The defence filed by the defendant is only a sham. The defendant admits that he dealt with some songs by the Artistes complained of but the truth is that once the original owner has transferred his/her copyright, the copyright becomes the property of another person who has the rights as the owner. The defendant knew that the cassettes were produced by the plaintiff. They were labeled.
The remedies for a plaintiff who claims his copyright has been infringed are damages, injunction accounts or other relief available, delivery up to the plaintiff for destruction or for his benefit of any article which appears to be infringing copy or any article used or intended to be used to making any infringing copies, damages calculated on basis of reasonable royalty which would have been payable by licensee in respect of type of work concerned taking into consideration the amount which the claimant would have earned in profits if he had been in charge of the work in question.
In this case the plaintiff applied and was granted an interlocutory injunction on 6/4/2004. The order was re-affirmed by a further court order made by the court on 23/7/2004 directing court bailiffs to visit shops in Nairobi Business District to determine the level of sales and distribution of CDs. It is not clear whether the bailiffs did file the report as ordered.

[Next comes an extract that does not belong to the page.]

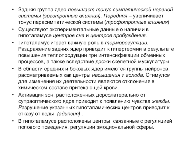 Слайд 13Задняя группа ядер повышает тонус симпатической нервной системы (эрготропные влияния).

From the evidence before the court and the pleadings filed by the parties the defendant is clearly liable for infringing the copyrights of the songs pleaded which are held by the plaintiff. He was well aware of the plaintiff’s rights as the same carried sufficient information to indicate the producer of the cassettes from where he converted to CDs. I hold him liable.

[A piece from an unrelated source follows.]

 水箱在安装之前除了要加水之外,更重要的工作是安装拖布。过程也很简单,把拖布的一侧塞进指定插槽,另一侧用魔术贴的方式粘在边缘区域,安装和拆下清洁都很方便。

On issue of remedies, it is clear the plaintiff is entitled to injunction. The record shows that since 6/4/2004 the defendant should not have been dealing with the songs as complained of. I confirm the injunction in terms of prayer 3 (a) of the plaintiff.  Regarding loss of business and profits and damages and royalties claimed, I find no sufficient evidence to enable the court to reach a fair assessment of the same. I therefore order an inquiry into damages to be undertaken before the Deputy Registrar of this court. The inquiry shall take into account the claims made under prayer (b), (e), (f) and (i) in the plaint.